──────── DATA
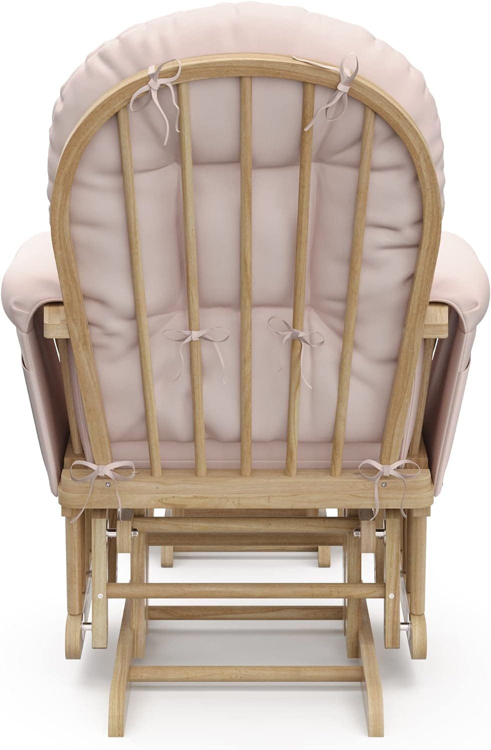 Storkcraft Premium Hoop Glider and Ottoman (Natural/Pink) – Padded Cushions with Storage Pocket, Smooth Rocking Motion, Easy to Assemble, Solid Hardwood Base
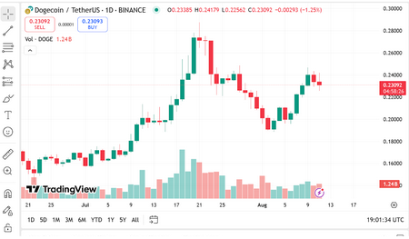 Following a five-month peak at 0.28 in July, Dogecoin has descended by almost 30 percent, and its price has recently dropped to critical support at $0.19. This weakness has led traders to wonder whether DOGE can sustain the price at the $0.19 level or whether it will fall lower and drop to the level of $0.15.
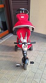 Triciclo smart trike 4 in 1 rosso e nero completo di tutti gli accessori, composto da: parasole, bastone guida con marsupio, protezione caduta e appoggia piedi oltre ai pedali.
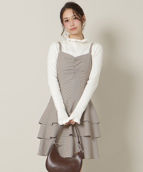 ミニワンピで楽しむレイヤードスタイルコーデ 【Design】 ・コーディネートにガーリーなエッセンスを加えるミニワンピース。 ・フロントギャザーとダブルストラップでアクセントをプラス♪ ・ウエストはスッキリと仕上げ、裾はティアードデザインでボリューム感を演出してくれます。 ・インナーを変えることでロングシーズン着回していただけます! ・ロングブーツと相性抜群のミニ丈アイテムです。 ・後ろはゴム仕様で伸縮性のある仕上がりです。 ・肩紐はアジャスター付きなので、長さの調整が可能◎ ・左ファスナー仕様。 【Fabric】 ・しなやかさのあるポリエステル素材を使用。 ・裏地付き。 ・ご自宅でお手入れが出来るのも嬉しいポイント♪ ・ブラウンチェック、チャコール、ブラックチェックの3色展開になります。 【Care】 手洗い可能 F:(00):着丈86cm/身幅44.5cm/ウエスト70cm/ヒップ96cm/裾回り175cm
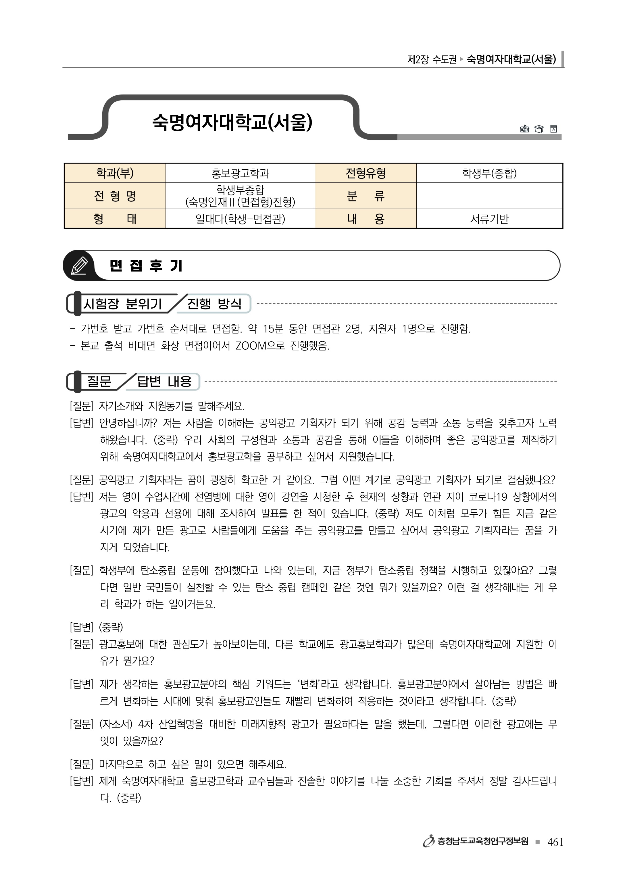 2021학년도 숙명여자대학교 면접 질문
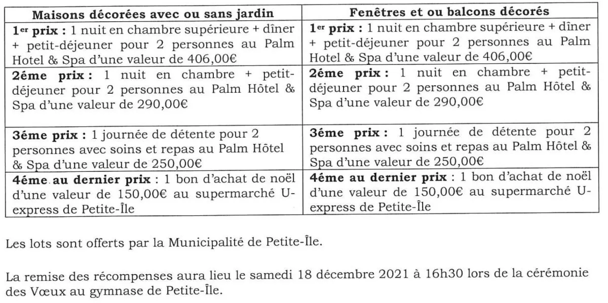Les résultats du concours seront donnés le samedi 18 décembre 2021 à 16h30, au Gymnase de Petite-Île.
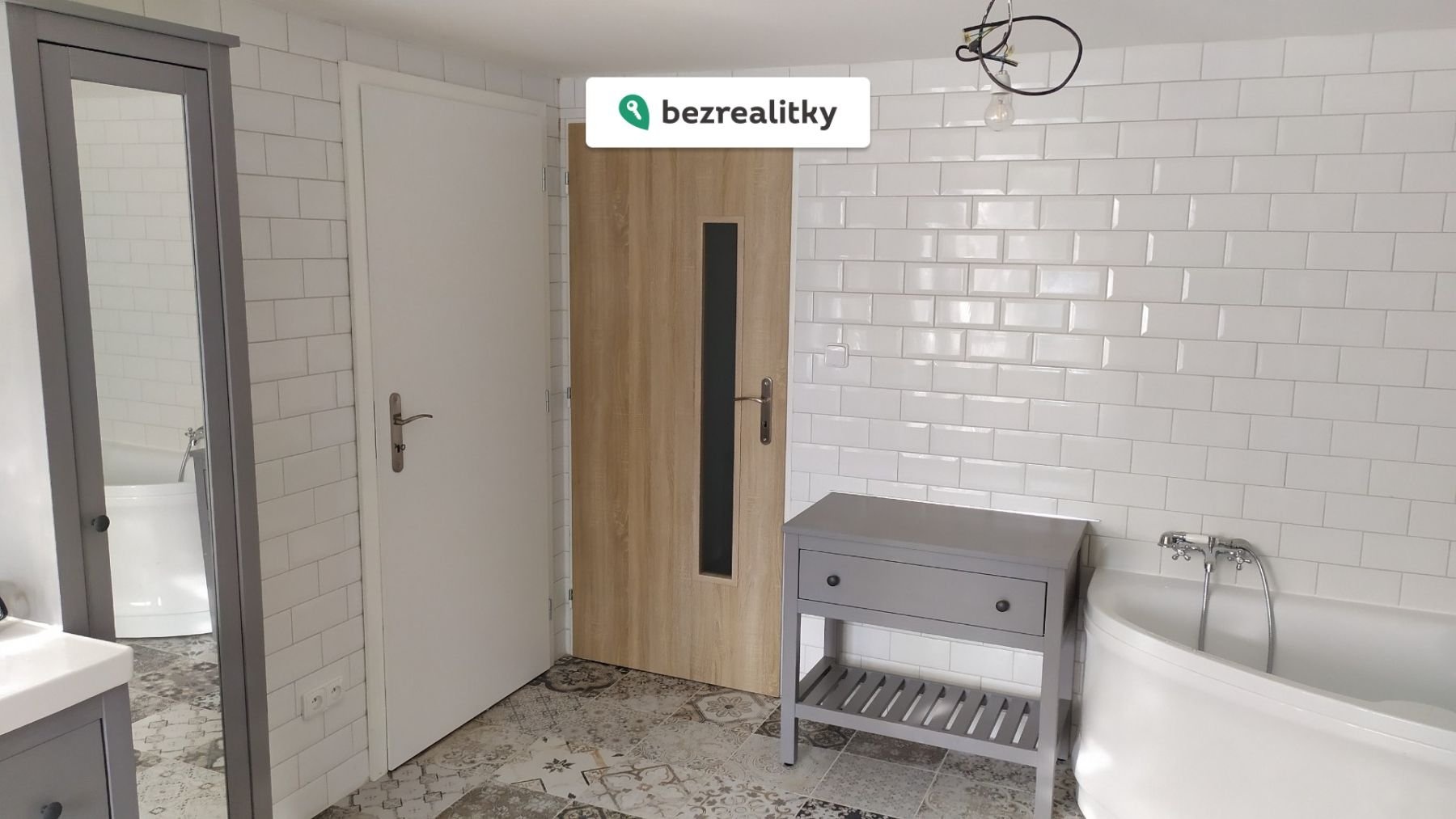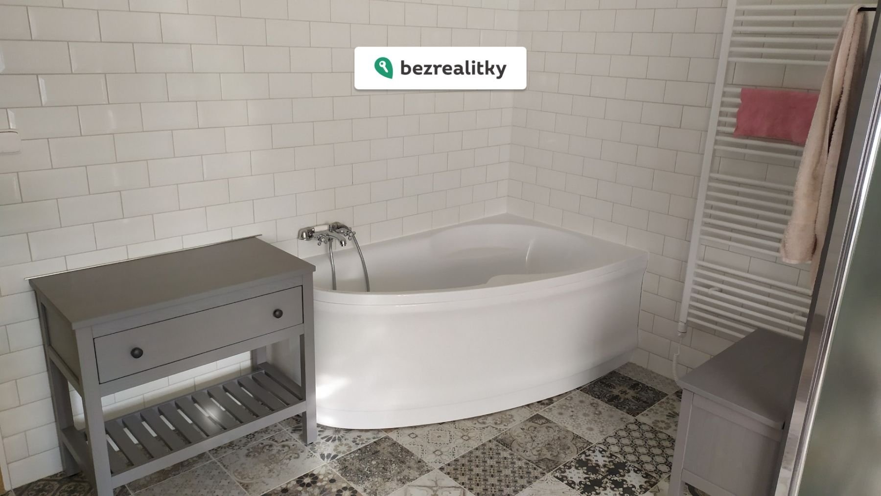 Koupelna je komfortní a nadstandardně prostorná, s rohovou vanou, bezbariérovým sprchovým koutem a WC.
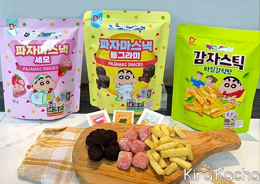 韓國蠟筆小新羅勒大蒜風味薯條、迷你可可風味餅、迷你草莓風味餅
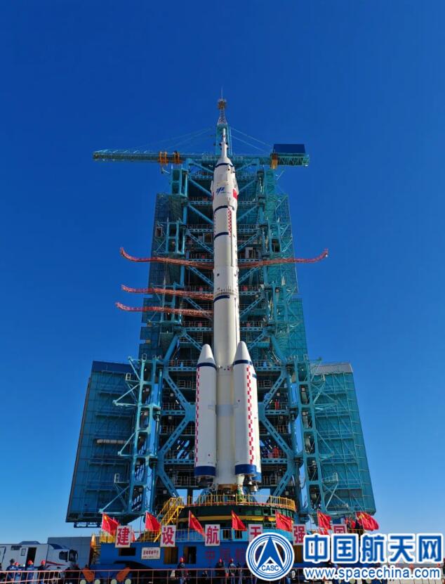 北京时间2023年10月19日,神舟十七号载人飞船与长征二号F遥十七运载火箭组合体已转运至发射区。
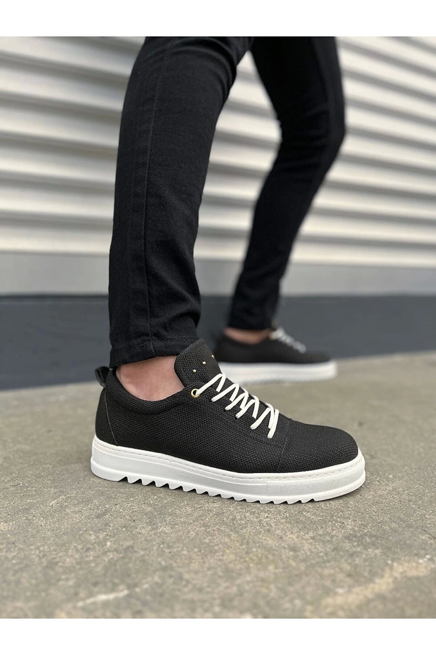 JY152 Cool Bağcıklı Keten Erkek Günlük Spor Klasik Ayakkabı KBT - Siyah
────────────────
• EXERCISE OBJECTIVE:
Transcribe the preceding listing in its entirety and with exact wording, leaving out pictures.

• EXERCISE RESULT:
 Storkcraft Premium Hoop Glider and Ottoman (Natural/Pink) – Padded Cushions with Storage Pocket, Smooth Rocking Motion, Easy to Assemble, Solid Hardwood Base
 Following a five-month peak at 0.28 in July, Dogecoin has descended by almost 30 percent, and its price has recently dropped to critical support at $0.19. This weakness has led traders to wonder whether DOGE can sustain the price at the $0.19 level or whether it will fall lower and drop to the level of $0.15.
 Triciclo smart trike 4 in 1 rosso e nero completo di tutti gli accessori, composto da: parasole, bastone guida con marsupio, protezione caduta e appoggia piedi oltre ai pedali.
 ミニワンピで楽しむレイヤードスタイルコーデ 【Design】 ・コーディネートにガーリーなエッセンスを加えるミニワンピース。 ・フロントギャザーとダブルストラップでアクセントをプラス♪ ・ウエストはスッキリと仕上げ、裾はティアードデザインでボリューム感を演出してくれます。 ・インナーを変えることでロングシーズン着回していただけます! ・ロングブーツと相性抜群のミニ丈アイテムです。 ・後ろはゴム仕様で伸縮性のある仕上がりです。 ・肩紐はアジャスター付きなので、長さの調整が可能◎ ・左ファスナー仕様。 【Fabric】 ・しなやかさのあるポリエステル素材を使用。 ・裏地付き。 ・ご自宅でお手入れが出来るのも嬉しいポイント♪ ・ブラウンチェック、チャコール、ブラックチェックの3色展開になります。 【Care】 手洗い可能 F:(00):着丈86cm/身幅44.5cm/ウエスト70cm/ヒップ96cm/裾回り175cm
 2021학년도 숙명여자대학교 면접 질문
Les résultats du concours seront donnés le samedi 18 décembre 2021 à 16h30, au Gymnase de Petite-Île.
 Koupelna je komfortní a nadstandardně prostorná, s rohovou vanou, bezbariérovým sprchovým koutem a WC.
 韓國蠟筆小新羅勒大蒜風味薯條、迷你可可風味餅、迷你草莓風味餅
 北京时间2023年10月19日,神舟十七号载人飞船与长征二号F遥十七运载火箭组合体已转运至发射区。
 JY152 Cool Bağcıklı Keten Erkek Günlük Spor Klasik Ayakkabı KBT - Siyah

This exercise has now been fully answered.